Listed entries —

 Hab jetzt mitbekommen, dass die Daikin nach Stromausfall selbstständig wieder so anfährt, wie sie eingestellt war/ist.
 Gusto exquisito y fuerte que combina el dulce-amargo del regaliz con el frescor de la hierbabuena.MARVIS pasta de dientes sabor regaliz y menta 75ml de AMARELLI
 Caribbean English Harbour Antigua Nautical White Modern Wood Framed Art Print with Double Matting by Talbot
--
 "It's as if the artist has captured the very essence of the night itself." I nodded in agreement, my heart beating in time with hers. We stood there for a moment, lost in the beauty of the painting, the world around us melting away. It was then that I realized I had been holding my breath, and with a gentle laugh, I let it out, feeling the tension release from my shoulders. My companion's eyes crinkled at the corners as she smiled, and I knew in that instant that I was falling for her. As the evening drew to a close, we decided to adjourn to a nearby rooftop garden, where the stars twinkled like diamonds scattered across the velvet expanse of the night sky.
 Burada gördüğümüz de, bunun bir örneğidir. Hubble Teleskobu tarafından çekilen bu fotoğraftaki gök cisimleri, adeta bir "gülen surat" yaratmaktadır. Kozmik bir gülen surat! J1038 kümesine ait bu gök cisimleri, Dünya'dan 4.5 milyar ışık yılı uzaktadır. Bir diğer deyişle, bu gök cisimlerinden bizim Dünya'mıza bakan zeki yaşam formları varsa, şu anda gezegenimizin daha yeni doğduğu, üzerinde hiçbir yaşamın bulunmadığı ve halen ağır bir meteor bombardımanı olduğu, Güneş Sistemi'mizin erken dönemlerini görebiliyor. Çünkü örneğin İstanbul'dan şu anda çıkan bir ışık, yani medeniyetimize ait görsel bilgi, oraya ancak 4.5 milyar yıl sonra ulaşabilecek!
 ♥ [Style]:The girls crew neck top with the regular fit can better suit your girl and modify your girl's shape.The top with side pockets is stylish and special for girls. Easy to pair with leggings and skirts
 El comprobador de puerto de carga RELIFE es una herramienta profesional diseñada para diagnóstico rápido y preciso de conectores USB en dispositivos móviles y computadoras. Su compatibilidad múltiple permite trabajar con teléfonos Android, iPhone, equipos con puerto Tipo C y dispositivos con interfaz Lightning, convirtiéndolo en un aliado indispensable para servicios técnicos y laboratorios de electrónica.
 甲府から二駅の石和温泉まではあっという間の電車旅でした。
--
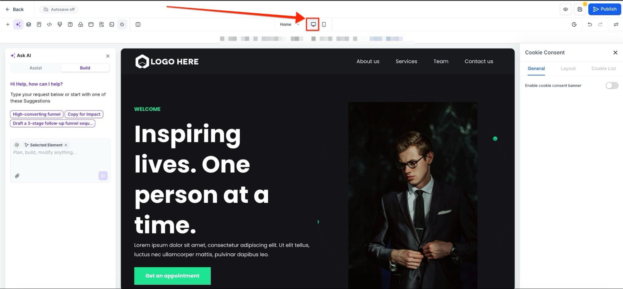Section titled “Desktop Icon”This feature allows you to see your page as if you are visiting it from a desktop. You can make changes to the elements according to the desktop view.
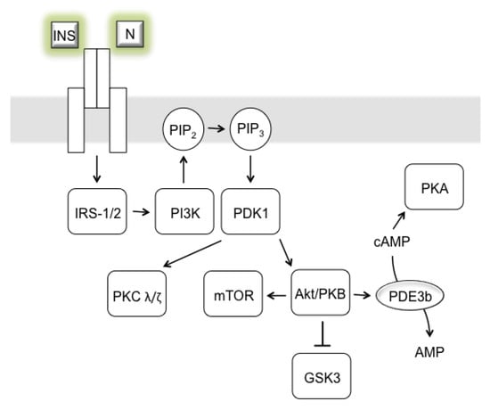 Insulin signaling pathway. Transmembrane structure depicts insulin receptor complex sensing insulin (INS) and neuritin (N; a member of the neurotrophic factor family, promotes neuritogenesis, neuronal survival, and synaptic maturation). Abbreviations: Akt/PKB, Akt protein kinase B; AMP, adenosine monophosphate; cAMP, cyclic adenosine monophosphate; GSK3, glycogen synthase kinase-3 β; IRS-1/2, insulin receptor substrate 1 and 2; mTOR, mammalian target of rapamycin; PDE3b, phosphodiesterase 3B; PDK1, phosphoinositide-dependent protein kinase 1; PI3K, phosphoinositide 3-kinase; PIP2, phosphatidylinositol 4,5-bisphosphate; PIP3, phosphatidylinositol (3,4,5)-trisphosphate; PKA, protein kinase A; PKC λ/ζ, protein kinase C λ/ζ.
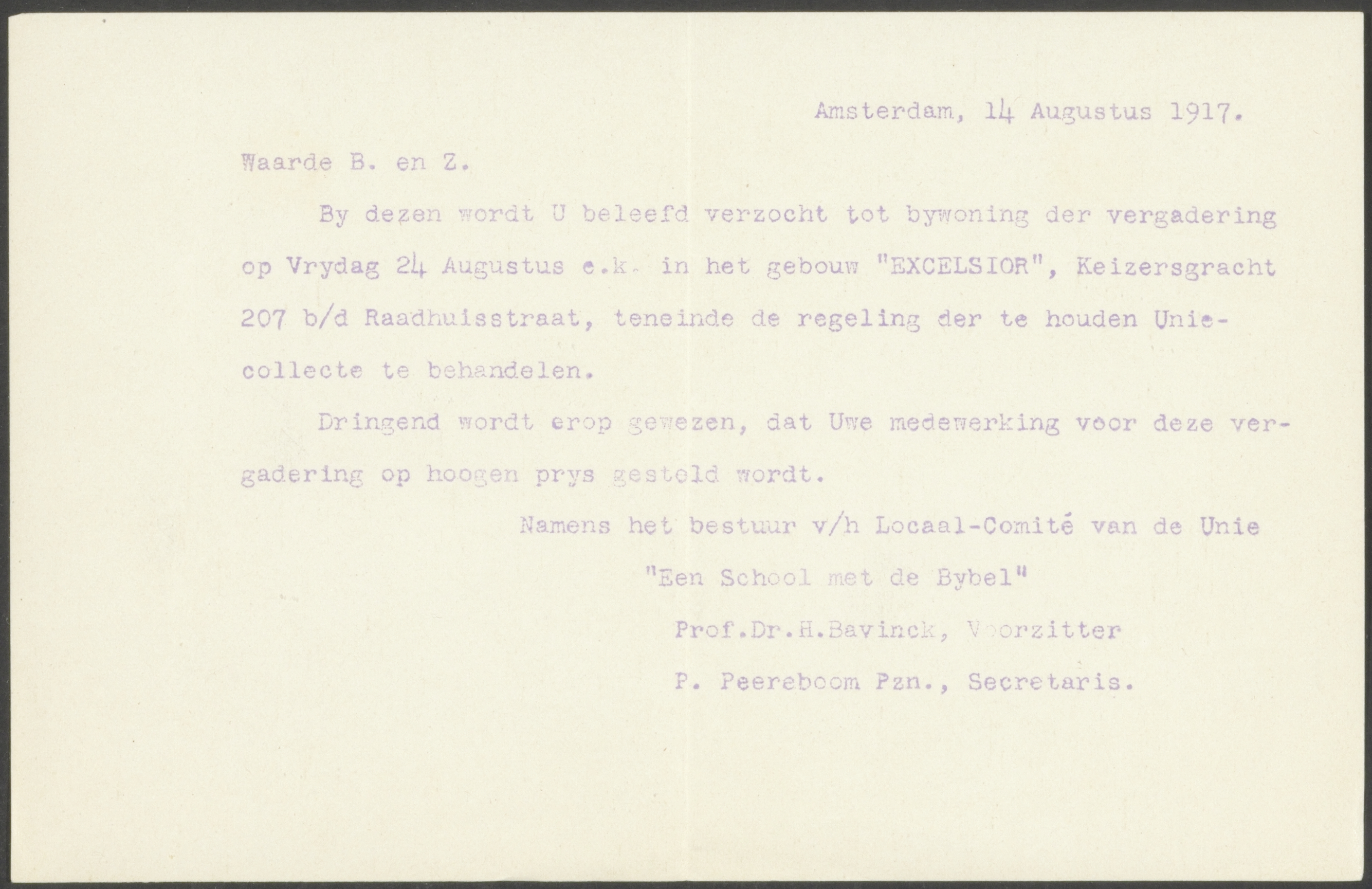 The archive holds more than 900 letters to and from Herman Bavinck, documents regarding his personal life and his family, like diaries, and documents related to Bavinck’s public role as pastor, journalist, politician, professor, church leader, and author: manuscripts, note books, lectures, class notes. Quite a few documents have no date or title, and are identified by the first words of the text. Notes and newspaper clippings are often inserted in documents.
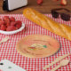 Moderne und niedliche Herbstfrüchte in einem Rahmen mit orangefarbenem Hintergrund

Your task — What you return must be the lines above that run from the line with "Hab jetzt mitbekommen, dass" to the line with "Caribbean English Harbour", inclusive, each copied exactly.

Written reply —
 Hab jetzt mitbekommen, dass die Daikin nach Stromausfall selbstständig wieder so anfährt, wie sie eingestellt war/ist.
 Gusto exquisito y fuerte que combina el dulce-amargo del regaliz con el frescor de la hierbabuena.MARVIS pasta de dientes sabor regaliz y menta 75ml de AMARELLI
 Caribbean English Harbour Antigua Nautical White Modern Wood Framed Art Print with Double Matting by Talbot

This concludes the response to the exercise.